**What is expected**:
Shown below is a listing with pictures; reproduce exactly, and only, the lines between the ones containing "1.米粉に抹茶パウダーを加え" and "据悉,此次培训会由成都市教育", inclusive, leaving the pictures out.
+--
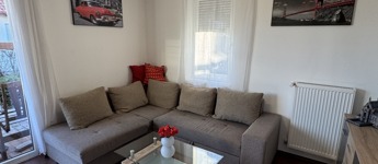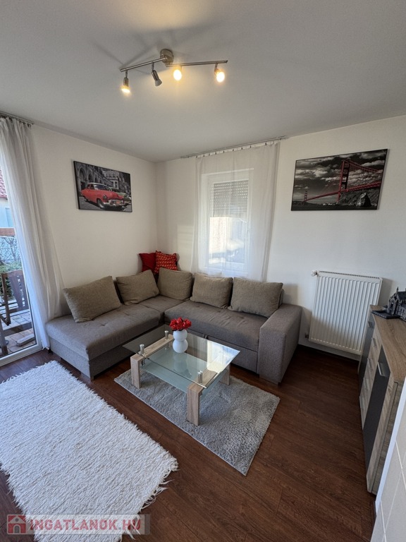 - ikerház külön bejáratú alsó szintjén helyezkedik el, kizárólagos kert használattal
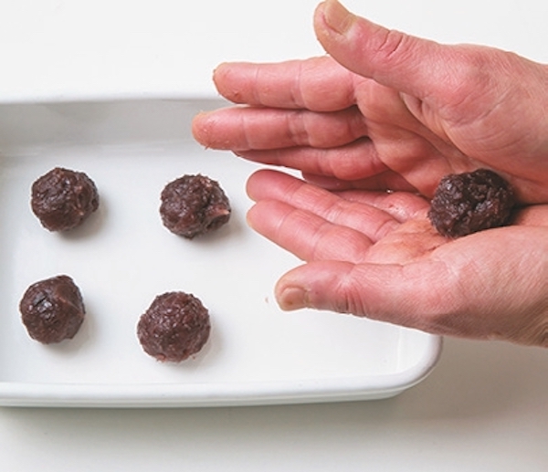 1.米粉に抹茶パウダーを加えてよく混ぜる。粒あんは5等分してそれぞれ丸めておく。
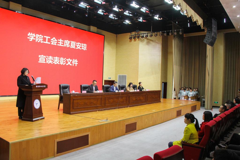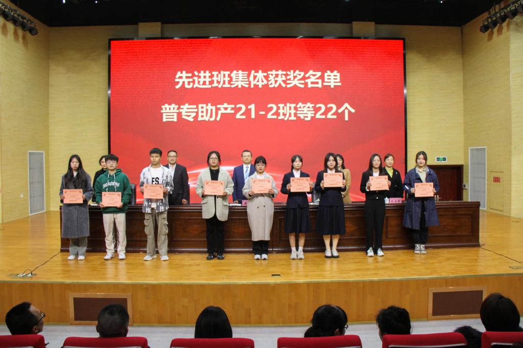 夏安琼宣读了《beat365英国官方网站关于2021-2022学年国家奖学金、国家励志奖学金获奖情况的通报》《beat365英国官方网站学生处关于表扬 2021-2022 学年学院奖学金、先进班集体、三好学生、优秀学生干部、2023 届校级优秀毕业生的通知》。梅慧同学荣获2021—2022学年中职国家奖学金,张丽萍等17名学生荣获2021—2022学年本专科国家奖学金,李梦琴等586名学生荣获2021—2022学年本专科生国家励志奖学金。李艳等1073名学生荣获学院奖学金,岳琳红等582名学生荣获“三好学生” 称号,陈钰等543名学生荣获“优秀学生干部” 称号,宋丰江等321名学生荣获“优秀毕业生” 称号,普通专科助产专业2021级2班等 22 个班集体荣获“先进班集体” 称号。
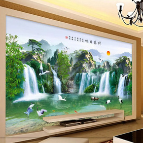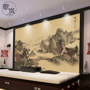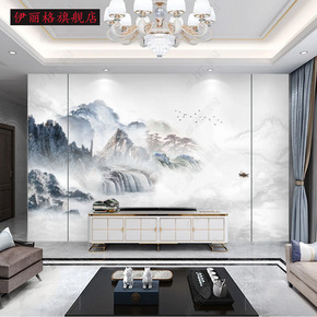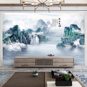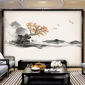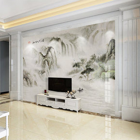 现代新中式电视背景墙壁纸客厅卧室山水壁画江山如画墙...
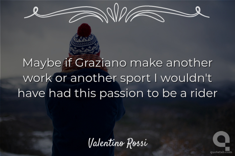 Maybe if Graziano make another work or another sport I wouldn't have had this passion to be a rider
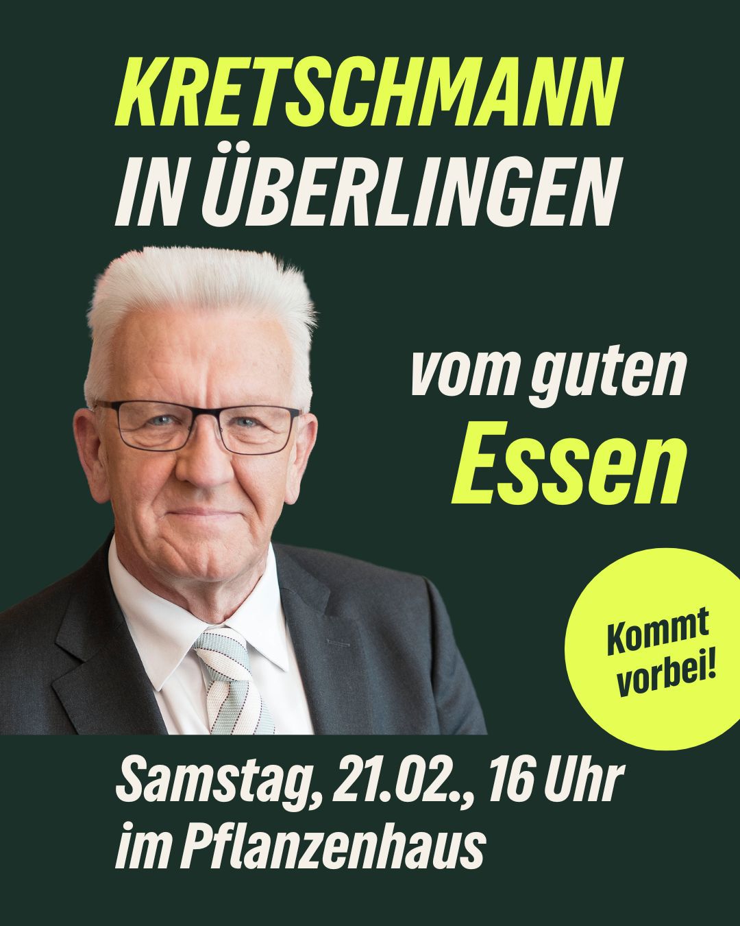 Der Kreisverband und Martin Hahn freuen sich sehr, dass wir im Bodenseekreis unseren amtierenden Ministerpräsidenten Winfried Kretschmann zu einer besonderen Veranstaltung begrüßen dürfen.
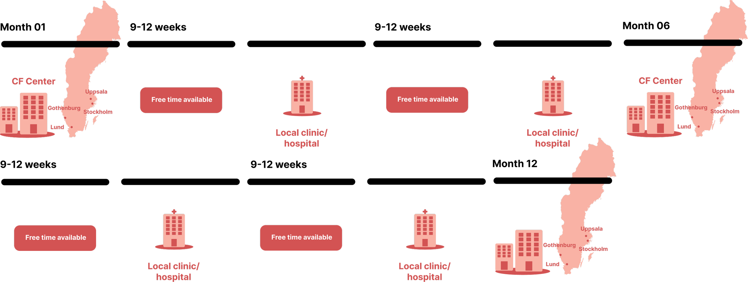 Cystic Fibrosis(CF) patients/families are required to visit the CF Center for CF screening every 6 months. In Sweden, there are 4 CF Centers located in southern Sweden, which means patients that live in other areas, for example, in the north, must travel all the way down to the south. In addition, patients also need to go to a local hospital for routine checkups every 9-12 weeks.
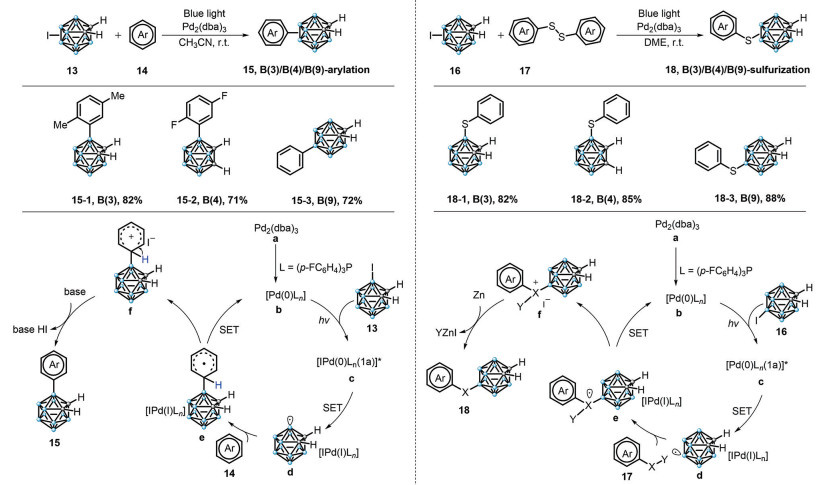 此外,谢作伟课题组还报道了使用蓝光诱导与过渡金属钯协同催化碘代碳硼烷产生自由基的方法(图 7)[67-68]。这些方法同样在邻位碳硼烷B(3)、B(4)、B(9)位点分别生成了硼中心自由基,并实现了与多种底物的偶联反应,合成了碳硼烷芳基和硫醚类化合物。反应机理与镍催化的机理类似,关键步骤为过渡金属钯攫取碘原子,生成碳硼烷硼中心自由基。
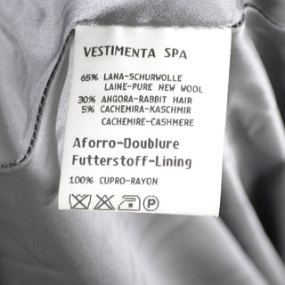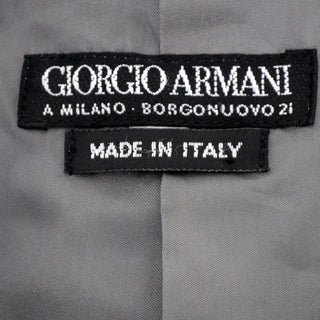 The gray of the coat has a slight green cast to the hue and it is fully lined in a gray rayon. This piece has the Giorgio Armani A Milano Borgonuovo 21 Made in Italy label and the Vestimenta Spa content label.
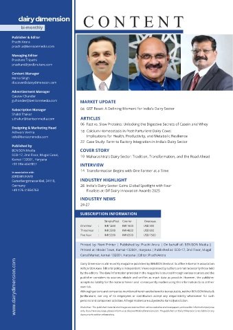 www.dairydimension.com by the editors. The data/information provided in the magazine is sourced through various sources and the
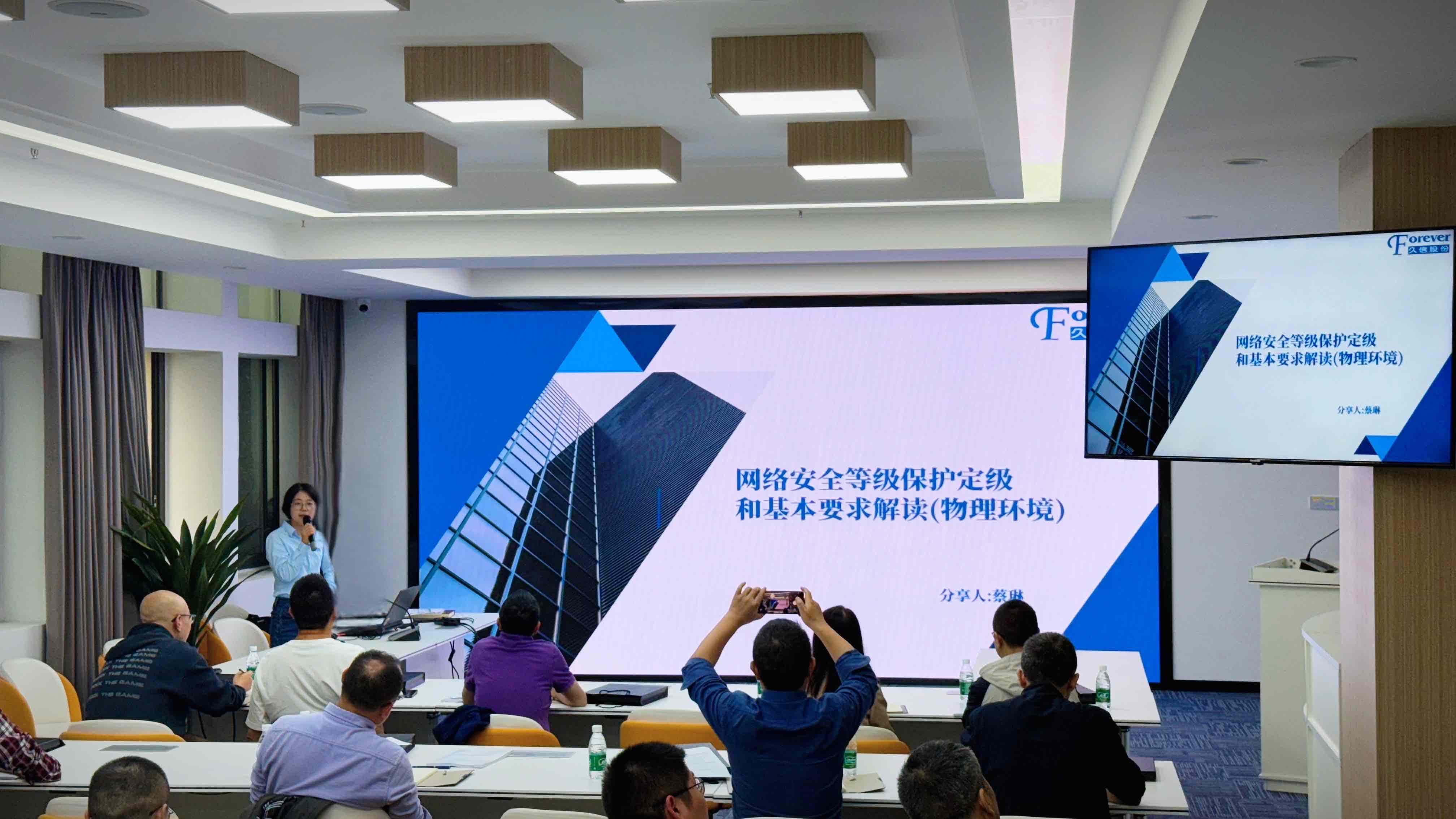 据悉,此次培训会由成都市教育技术装备管理中心主办,旨在通过专业指导和深入交流,全面提升教育专网管理团队的综合能力。久信股份受邀参会并做了“网络安全等级保护定级和基本要求解读(物理环境)”的主题授课分享。
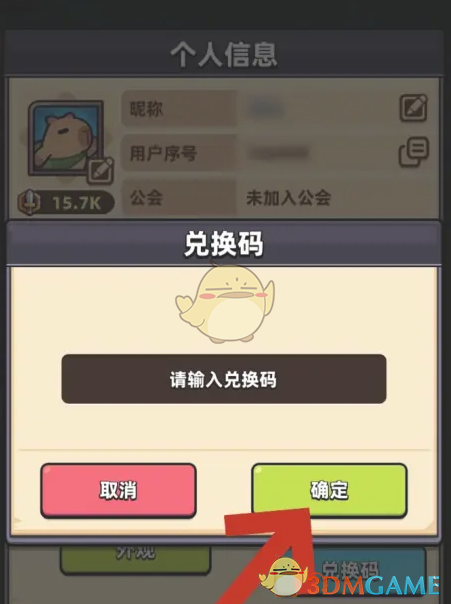 3、进入到兑换码页面,输入领取到的兑换码,检查无误,点击确定即可兑换成功。
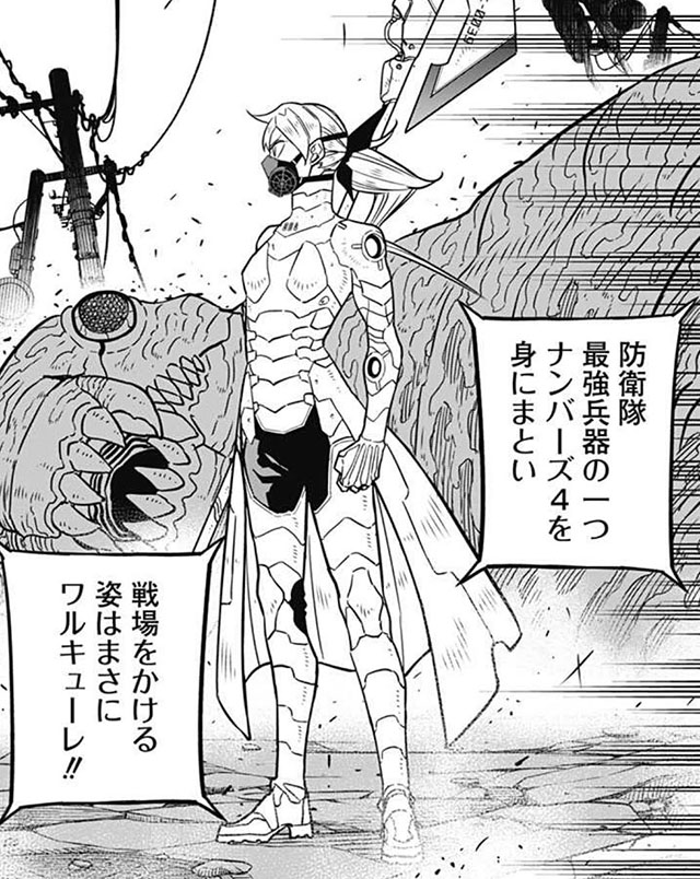 四ノ宮キコルは、日比野カフカ、市川レノらと同期で、防衛隊首席入隊。
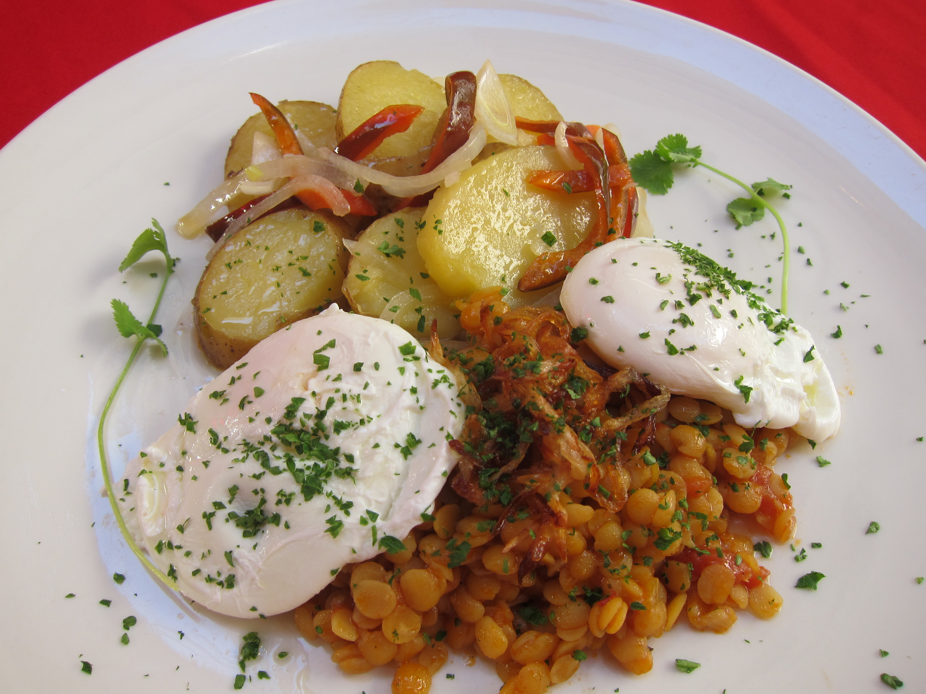 Yellow lentils and poached eggs
+--
**Answer to this task**:
 1.米粉に抹茶パウダーを加えてよく混ぜる。粒あんは5等分してそれぞれ丸めておく。
 夏安琼宣读了《beat365英国官方网站关于2021-2022学年国家奖学金、国家励志奖学金获奖情况的通报》《beat365英国官方网站学生处关于表扬 2021-2022 学年学院奖学金、先进班集体、三好学生、优秀学生干部、2023 届校级优秀毕业生的通知》。梅慧同学荣获2021—2022学年中职国家奖学金,张丽萍等17名学生荣获2021—2022学年本专科国家奖学金,李梦琴等586名学生荣获2021—2022学年本专科生国家励志奖学金。李艳等1073名学生荣获学院奖学金,岳琳红等582名学生荣获“三好学生” 称号,陈钰等543名学生荣获“优秀学生干部” 称号,宋丰江等321名学生荣获“优秀毕业生” 称号,普通专科助产专业2021级2班等 22 个班集体荣获“先进班集体” 称号。
 现代新中式电视背景墙壁纸客厅卧室山水壁画江山如画墙...
 Maybe if Graziano make another work or another sport I wouldn't have had this passion to be a rider
 Der Kreisverband und Martin Hahn freuen sich sehr, dass wir im Bodenseekreis unseren amtierenden Ministerpräsidenten Winfried Kretschmann zu einer besonderen Veranstaltung begrüßen dürfen.
 Cystic Fibrosis(CF) patients/families are required to visit the CF Center for CF screening every 6 months. In Sweden, there are 4 CF Centers located in southern Sweden, which means patients that live in other areas, for example, in the north, must travel all the way down to the south. In addition, patients also need to go to a local hospital for routine checkups every 9-12 weeks.
 此外,谢作伟课题组还报道了使用蓝光诱导与过渡金属钯协同催化碘代碳硼烷产生自由基的方法(图 7)[67-68]。这些方法同样在邻位碳硼烷B(3)、B(4)、B(9)位点分别生成了硼中心自由基,并实现了与多种底物的偶联反应,合成了碳硼烷芳基和硫醚类化合物。反应机理与镍催化的机理类似,关键步骤为过渡金属钯攫取碘原子,生成碳硼烷硼中心自由基。
 The gray of the coat has a slight green cast to the hue and it is fully lined in a gray rayon. This piece has the Giorgio Armani A Milano Borgonuovo 21 Made in Italy label and the Vestimenta Spa content label.
 www.dairydimension.com by the editors. The data/information provided in the magazine is sourced through various sources and the
 据悉,此次培训会由成都市教育技术装备管理中心主办,旨在通过专业指导和深入交流,全面提升教育专网管理团队的综合能力。久信股份受邀参会并做了“网络安全等级保护定级和基本要求解读(物理环境)”的主题授课分享。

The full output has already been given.